Reactionary Riffs: The Failures of Christopher Nolan’s The Dark Knight Rises (2012)

“The final result of this pretentiousness is The Dark Knight Rises, a Batman film in name only, a joyless endeavor that ignores its heritage and puts on airs to conceal the half-baked politics and juvenile head games hiding behind its dark and scowling mask.”

In the earliest Batman comics, Bruce Wayne’s parents are murdered when they take him to go see the 1920 Douglas Fairbanks swashbuckler The Mark of Zorro, the film that ultimately inspires Wayne to become a masked vigilante. In Batman Begins, the first and best film in Christopher Nolan’s Batman trilogy, the movie theater is changed to an ornate opera house (still located, inconceivably, in a violent slum), a change that simultaneously obfuscates the cinematic roots of the Batman franchise and creates an illusion of artsy classiness.

This sort of sleight of hand is repeated throughout the series, with Nolan consistently treating the source material as something that needs to be elevated above its pulp origins rather than respected; uninterested in the Batman universe and the film noir iconography, he lumps in with it beyond their value as a convenient pop culture shorthand. The final result of this pretentiousness is The Dark Knight Rises, a Batman film in name only, a joyless endeavor that ignores its heritage and puts on airs to conceal the half-baked politics and juvenile head games hiding behind its dark and scowling mask.
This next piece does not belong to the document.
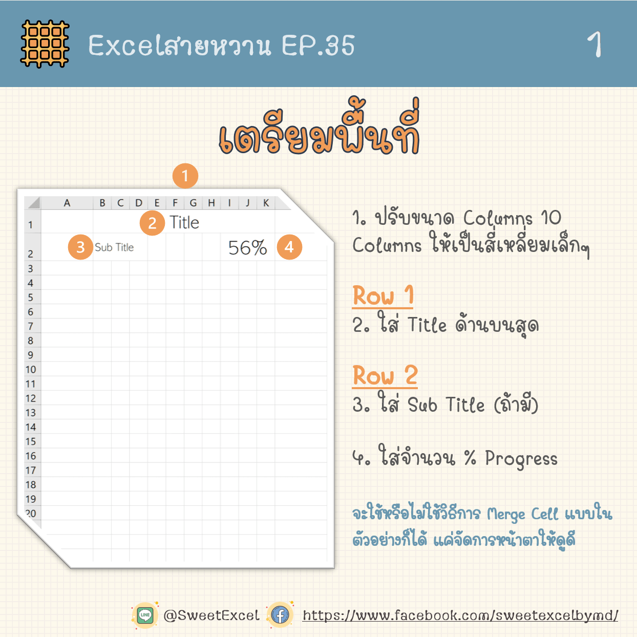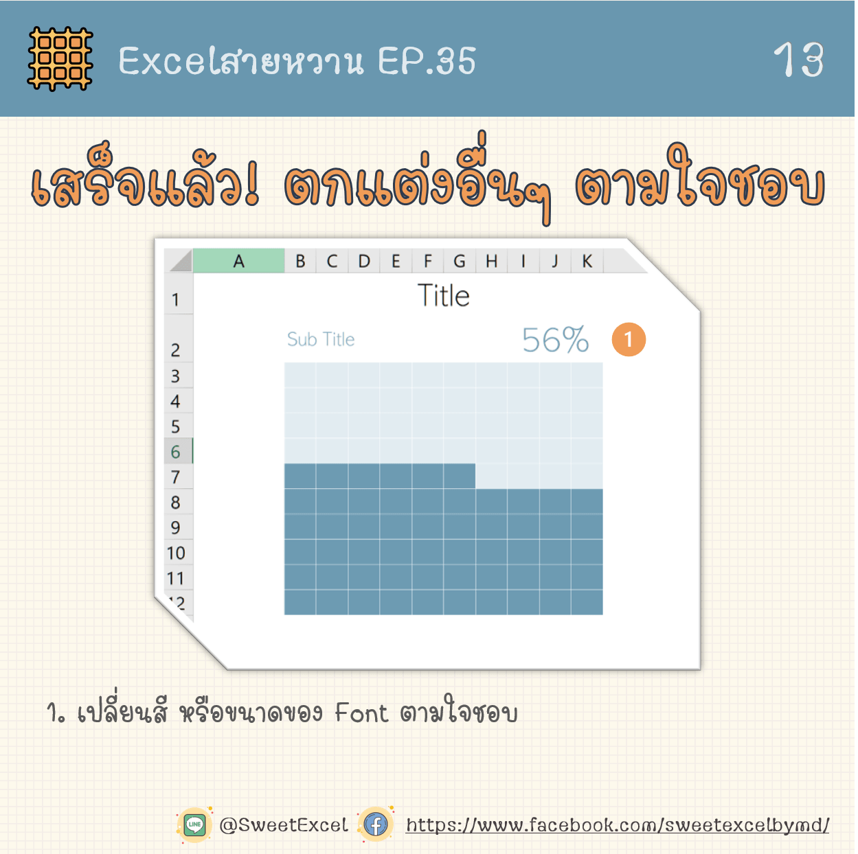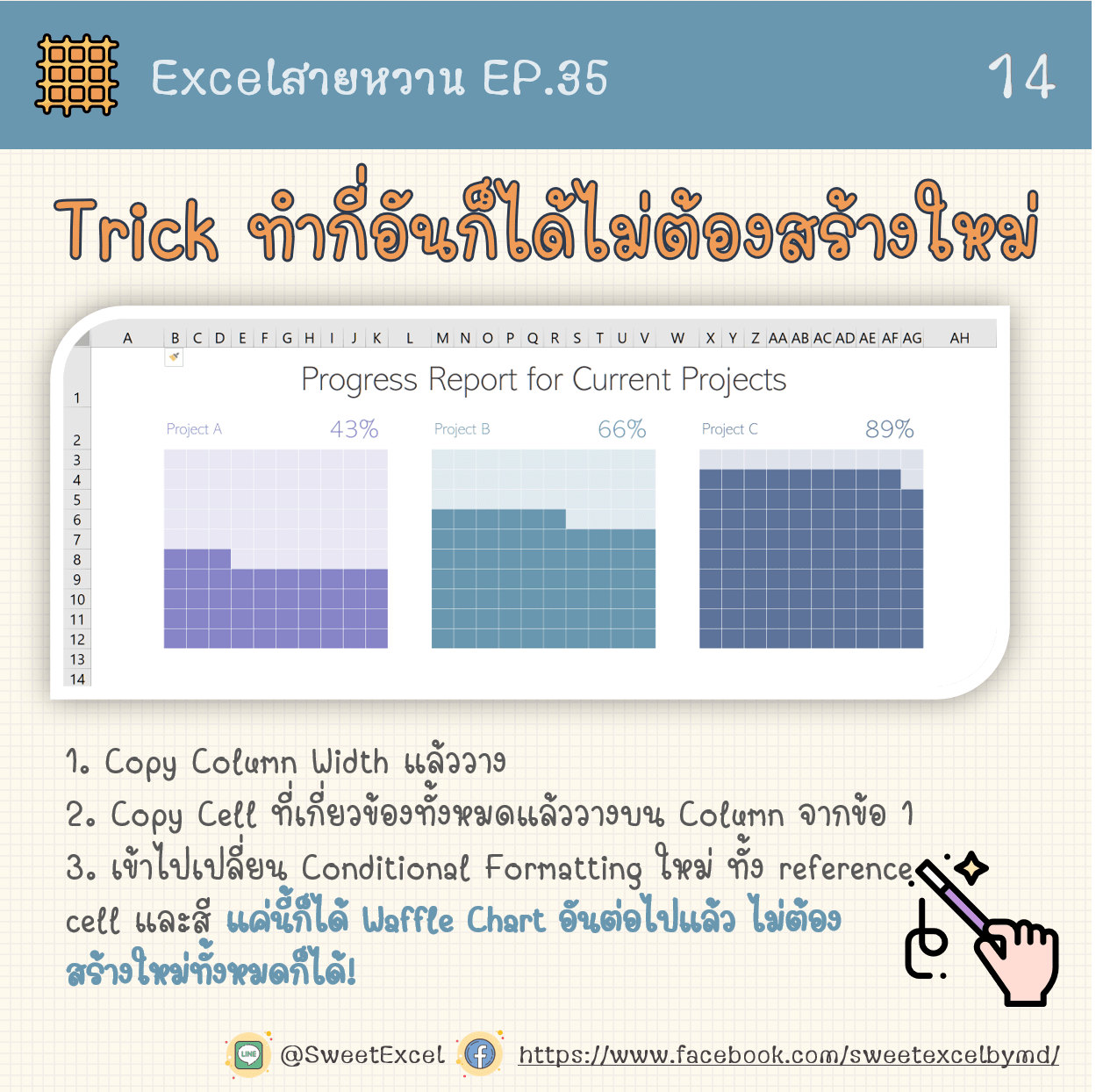 Waffle Chart เป็นอีกหนึ่ง Chart ที่ใช้ในการแสดง Progress ถึงแม้จะไม่มีในเมนู Insert -> Chart แต่ก็สามารถสร้างได้ไม่ยาก
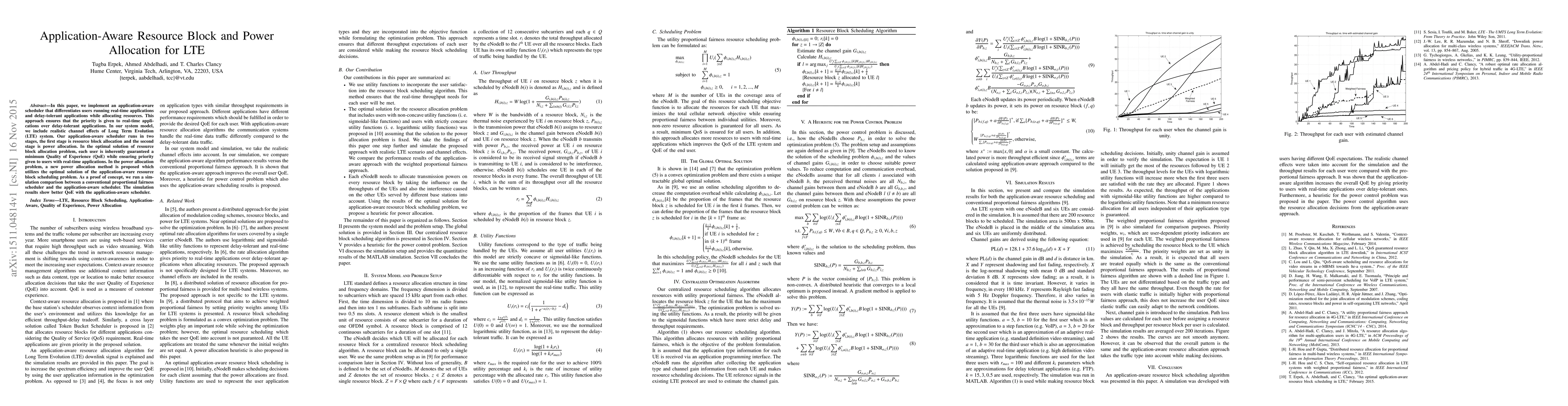 The paper presents an application-aware resource block and power allocation algorithm for LTE, incorporating utility functions to represent user satisfaction and ensuring priority for real-time applications.

The plot of The Dark Knight Rises is little more than a shuffling together of the first two films: some supervillains plunge Gotham City into chaos with a doomsday weapon du jour, recreating the terrorist plot of Batman Begins with a modus operandi closer to that of the Joker in The Dark Knight. The title asserts that the film is primarily about Bruce Wayne (Christian Bale) overcoming personal limitations and rising up to a new level of heroism, but there is no real change in his characterization over the course of the film beyond dropping a sad sack routine halfway through. Wayne spends most of the film out of costume, and his infrequent appearances as Batman are welcome but lackluster; there are more fight scenes in the first half-hour of Batman Begins than in this entire film, his costume looks more preposterous than usual when Nolan bathes it in unkind sunlight, and the voice Bale uses for Batman has changed from a menacing rasp to incomprehensible slurring, as if he has a head cold and forgot to drill nostril holes in his bat-mask. Bale is as stiff and awkward as he has always been as Batman, but he is especially unconvincing during the film’s dreary second half, during which he fumbles through a series of plot twists and turns that are supposed to leave him heart-wrenched but really just seem to puzzle him. The World’s Greatest Detective also doesn’t do much detective work, sorting out all his mysteries by having computers or his butler (Michael Caine) solve them for him. The film’s focus on Bruce Wayne as the “real” character is rather odd considering that the ending of the first film flat out said that Wayne was Batman’s “mask” and not the other way around, and Bale’s revival of his hollow, sociopathic mannerisms from American Psycho when playing Wayne seem to confirm this, yet the Caped Crusader spends most of the film in the closet while his “mask” goes through the motions of an unconvincing character arc.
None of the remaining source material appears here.